Better security at your fingertips
By James Gonser
Advertiser Urban Honolulu Writer
A new generation of highly sophisticated security systems has slowly been working its way into Hawai'i's business community, and the measures, which use computer technology to identify people, will take a big step toward wider public use when they are installed this month in the Davies Pacific Center in downtown Honolulu.
Deborah Booker The Honolulu Advertiser
Once the system is up and running, tenants' fingerprints will be their "key" to the building.
Rebeca Strasburger shows how a fingerprint reader will be used in a security identification system.
That's biometrics, an industry term for new security identification systems including voice recognition, fingerprint and iris scans, and hand and face geometry.
Although high-tech digital camera systems are showing up in upscale apartment buildings and office towers, the Davies Pacific Center will be the first large commercial building in Honolulu to install a biometric system. It will require tenants to place their hand in a scanner to have their fingerprints identified to access the building after hours.
The Honolulu Federal Detention Center, which opened last year, was one of the first to install a fingerprint access system to keep prisoners from stealing access cards and escaping. Maui County, Bank of Hawaii and Hawaiian Airlines are all experimenting with various types of biometric security systems.
Proponents say biometrics will eventually replace personal identification numbers, passwords and digital signatures as means of identification because of their relatively low cost and improved security.
Opponents say fingerprinting and eye scans are fine for prisons or private businesses, but in buildings occupied by dozens of different companies they are inappropriate and an invasion of privacy.
Biometrics is a growth industry, and several businesses have formed in recent years in Hawai'i to install the systems primarily in high-end homes and research and development firms that need extra security.
They say business is booming.
"I think most buildings are exploring the benefits of biometric systems as an alternative" to current systems, said Susan Hansen, president of the Building Owners and Managers Association's local chapter and Harbor Court building manager for CB Richard Ellis Hawai'i Inc. "Certainly after 9/11 more people are concerned about security, as rightly they should be."
Davies Pacific property manager Kirk Horiuchi with Jones Lang LaSalle Americas Inc. said the building has an old access card system and the new fingerprint system is bring installed to improve security and save the company from buying access cards for all 1,100 people who work there.
Experts say an access card system can cost from $50,000 to $150,000 depending on the size of the building. The three fingerprint readers for Davies Pacific and the software to run them cost $1,600 each.
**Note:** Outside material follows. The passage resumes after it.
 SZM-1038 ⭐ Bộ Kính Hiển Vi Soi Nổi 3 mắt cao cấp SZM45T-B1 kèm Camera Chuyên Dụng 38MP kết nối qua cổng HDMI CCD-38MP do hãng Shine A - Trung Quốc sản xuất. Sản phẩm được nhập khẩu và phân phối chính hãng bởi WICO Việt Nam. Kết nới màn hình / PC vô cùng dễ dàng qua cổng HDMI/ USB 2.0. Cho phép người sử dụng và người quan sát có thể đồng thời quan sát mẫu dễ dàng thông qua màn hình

Davies Pacific is also installing a new digital security camera system with better storage and retrieval capabilities.
"It was time for an upgrade anyway and we looked at the options," Horiuchi said. "A lot of (tenants) are very eager about the upgraded technology."
But some tenants say being fingerprinted by building management is too much security and fear the prints could be accessed by the government at any time.
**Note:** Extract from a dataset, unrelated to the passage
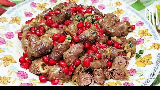 РЕЦЕПТ: Куриные сердечки-500гр, Сливочное масло-30гр, Луковица-1шт, Чеснок-4зубка, Кинза-5гр, Гранат-1/4, Растительное масло для обжарки, Кориандр-1/3 ч.л, Черный перец1/3ч.л., Соль по вкусу.

"I just don't like the idea of being fingerprinted to get into my building," said Elaine Shirley, who works in the building. "I don't feel like we need that much security."
It really has nothing to do with your fingerprint, said Jeff Wiebell, vice president of SecureView Systems, who is installing the Davies Pacific system.
"Once the fingerprint is scanned it is converted into connecting dots and the fingerprint is discarded," meaning it can't be brought up on a screen and compared to other fingerprints, Weibell said. "It is actually placing little dots at the ridges of the curves of your fingers. There is no record of a fingerprint anywhere."
Jon Van Dyke, a University of Hawai'i constitutional law professor, said although such systems may increase security, they dramatically reduce people's sense of privacy. Many people could be forced to comply with new security requirements against their will or change jobs.
"This is a private owner, so normally constitutional issues don't apply," Van Dyke said. "But we know how easy it is for the government to subpoena records these days given the national security claims that are being made so frequently now. The fear that these records will be made available to the government is well founded.
"I would say it raises profound issues that ought to be widely debated. My question is, is this really necessary given the level of intrusion into privacy that it involves? If there is an alternative approach, why not just use the alternative?"
Horiuchi said he understands that some tenants do not want to be fingerprinted and they will not be forced to.
"We'll have a backup for tenants who refuse," Horiuchi said. "They will get a card. I talked to another (manager) who decided to stick with cards partially because of concerns about the fingerprints. Because it is the first one here, there is a lot of apprehension about it."